What to do —
Pictures in the data should be dropped; transcribe exactly the lines from the one that has "Table 2 presents estimates from" through the one that has "The Maltese Falcon, a".

━━━

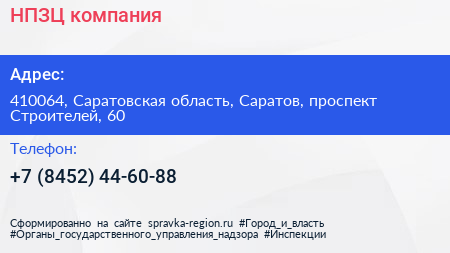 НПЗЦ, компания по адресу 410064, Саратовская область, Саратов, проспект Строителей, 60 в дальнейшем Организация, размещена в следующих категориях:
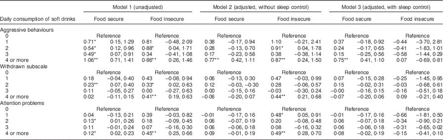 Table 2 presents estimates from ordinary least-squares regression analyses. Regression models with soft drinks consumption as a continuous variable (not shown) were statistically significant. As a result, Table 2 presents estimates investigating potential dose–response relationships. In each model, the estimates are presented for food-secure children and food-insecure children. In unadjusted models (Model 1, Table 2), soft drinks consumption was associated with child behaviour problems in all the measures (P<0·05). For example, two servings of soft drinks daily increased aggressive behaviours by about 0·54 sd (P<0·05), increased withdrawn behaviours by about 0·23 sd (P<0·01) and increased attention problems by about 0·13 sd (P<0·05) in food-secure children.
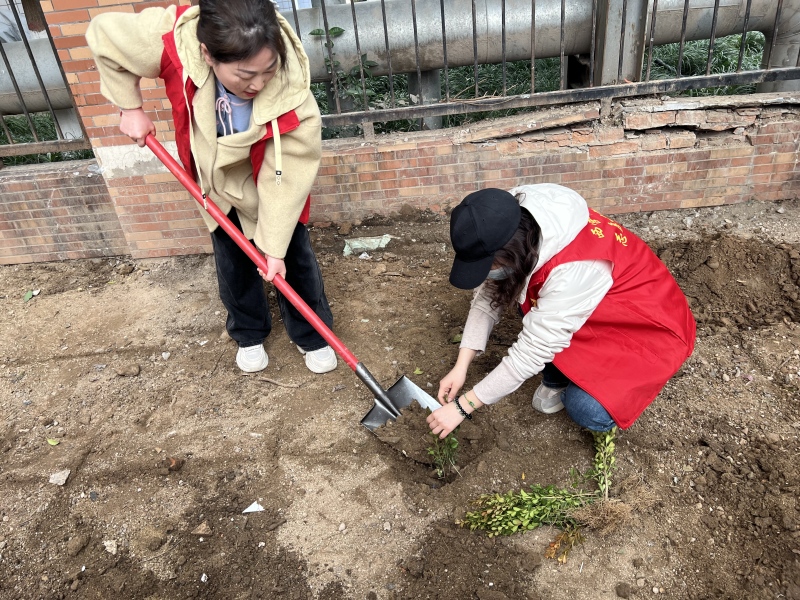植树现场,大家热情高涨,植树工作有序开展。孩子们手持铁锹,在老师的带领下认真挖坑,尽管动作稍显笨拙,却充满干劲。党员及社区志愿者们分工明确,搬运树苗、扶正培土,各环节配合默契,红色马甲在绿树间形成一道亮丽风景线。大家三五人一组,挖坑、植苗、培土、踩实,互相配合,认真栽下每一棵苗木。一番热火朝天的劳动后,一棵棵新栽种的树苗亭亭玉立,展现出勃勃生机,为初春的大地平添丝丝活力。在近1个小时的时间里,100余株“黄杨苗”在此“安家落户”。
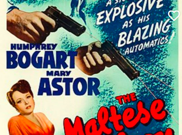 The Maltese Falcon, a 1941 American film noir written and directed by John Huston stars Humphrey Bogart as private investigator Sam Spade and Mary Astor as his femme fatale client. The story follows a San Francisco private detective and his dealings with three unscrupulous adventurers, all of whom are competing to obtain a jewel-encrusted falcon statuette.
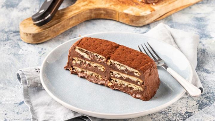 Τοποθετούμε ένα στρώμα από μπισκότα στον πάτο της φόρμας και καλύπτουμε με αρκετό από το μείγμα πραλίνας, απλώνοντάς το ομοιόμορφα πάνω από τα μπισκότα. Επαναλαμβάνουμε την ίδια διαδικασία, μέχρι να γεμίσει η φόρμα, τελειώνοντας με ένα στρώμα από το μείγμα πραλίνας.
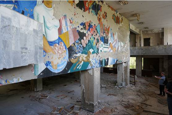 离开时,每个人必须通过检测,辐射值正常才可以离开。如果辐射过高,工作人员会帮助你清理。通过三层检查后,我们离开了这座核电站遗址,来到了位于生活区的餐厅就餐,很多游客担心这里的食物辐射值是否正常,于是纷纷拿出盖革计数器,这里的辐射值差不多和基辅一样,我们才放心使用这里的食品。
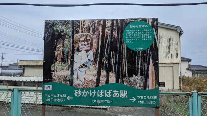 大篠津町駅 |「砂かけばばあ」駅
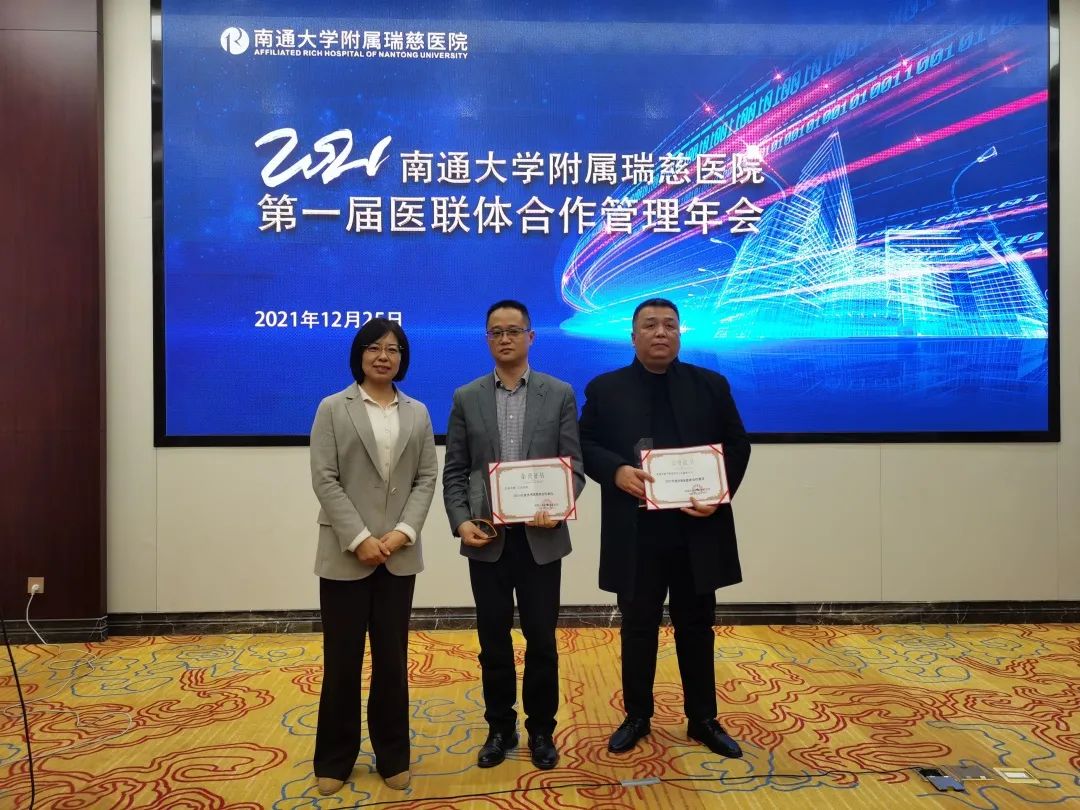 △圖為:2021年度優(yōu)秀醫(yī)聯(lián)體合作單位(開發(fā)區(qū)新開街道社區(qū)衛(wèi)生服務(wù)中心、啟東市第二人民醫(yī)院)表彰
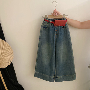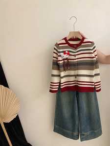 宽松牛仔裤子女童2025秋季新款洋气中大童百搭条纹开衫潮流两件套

━━━

Answer box —
 Table 2 presents estimates from ordinary least-squares regression analyses. Regression models with soft drinks consumption as a continuous variable (not shown) were statistically significant. As a result, Table 2 presents estimates investigating potential dose–response relationships. In each model, the estimates are presented for food-secure children and food-insecure children. In unadjusted models (Model 1, Table 2), soft drinks consumption was associated with child behaviour problems in all the measures (P<0·05). For example, two servings of soft drinks daily increased aggressive behaviours by about 0·54 sd (P<0·05), increased withdrawn behaviours by about 0·23 sd (P<0·01) and increased attention problems by about 0·13 sd (P<0·05) in food-secure children.
植树现场,大家热情高涨,植树工作有序开展。孩子们手持铁锹,在老师的带领下认真挖坑,尽管动作稍显笨拙,却充满干劲。党员及社区志愿者们分工明确,搬运树苗、扶正培土,各环节配合默契,红色马甲在绿树间形成一道亮丽风景线。大家三五人一组,挖坑、植苗、培土、踩实,互相配合,认真栽下每一棵苗木。一番热火朝天的劳动后,一棵棵新栽种的树苗亭亭玉立,展现出勃勃生机,为初春的大地平添丝丝活力。在近1个小时的时间里,100余株“黄杨苗”在此“安家落户”。
 The Maltese Falcon, a 1941 American film noir written and directed by John Huston stars Humphrey Bogart as private investigator Sam Spade and Mary Astor as his femme fatale client. The story follows a San Francisco private detective and his dealings with three unscrupulous adventurers, all of whom are competing to obtain a jewel-encrusted falcon statuette.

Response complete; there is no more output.